Records:
# # # #

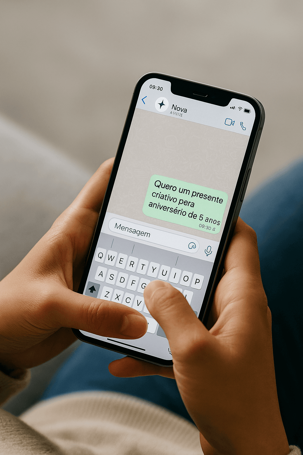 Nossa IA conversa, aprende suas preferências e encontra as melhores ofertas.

# # # #

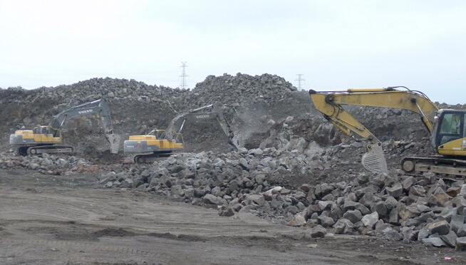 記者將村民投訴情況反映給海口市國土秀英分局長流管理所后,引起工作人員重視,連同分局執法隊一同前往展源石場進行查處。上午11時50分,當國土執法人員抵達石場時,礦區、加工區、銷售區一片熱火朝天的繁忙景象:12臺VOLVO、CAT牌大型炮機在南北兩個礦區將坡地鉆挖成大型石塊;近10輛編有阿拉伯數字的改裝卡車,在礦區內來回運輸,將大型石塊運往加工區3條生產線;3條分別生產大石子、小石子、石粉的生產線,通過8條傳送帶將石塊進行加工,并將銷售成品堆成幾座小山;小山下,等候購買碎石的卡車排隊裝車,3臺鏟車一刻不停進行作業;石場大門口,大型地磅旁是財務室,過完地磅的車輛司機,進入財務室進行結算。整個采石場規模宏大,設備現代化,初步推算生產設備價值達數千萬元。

# # # #

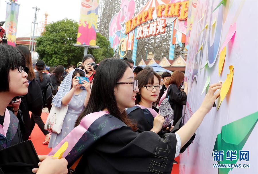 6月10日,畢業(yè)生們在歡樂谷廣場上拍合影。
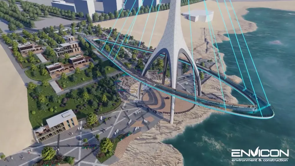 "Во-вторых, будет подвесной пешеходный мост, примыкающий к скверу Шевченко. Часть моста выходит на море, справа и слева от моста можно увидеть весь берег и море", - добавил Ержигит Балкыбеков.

# # # #

Your instructions: From the records above, return exactly the lines running from the one that contains "6月10日,畢業(yè)生們在歡樂谷廣場上拍合影。" down to the one that contains "добавил Ержигит Балкыбеков.", both included, without any pictures.

Response for this exercise:
 6月10日,畢業(yè)生們在歡樂谷廣場上拍合影。
 "Во-вторых, будет подвесной пешеходный мост, примыкающий к скверу Шевченко. Часть моста выходит на море, справа и слева от моста можно увидеть весь берег и море", - добавил Ержигит Балкыбеков.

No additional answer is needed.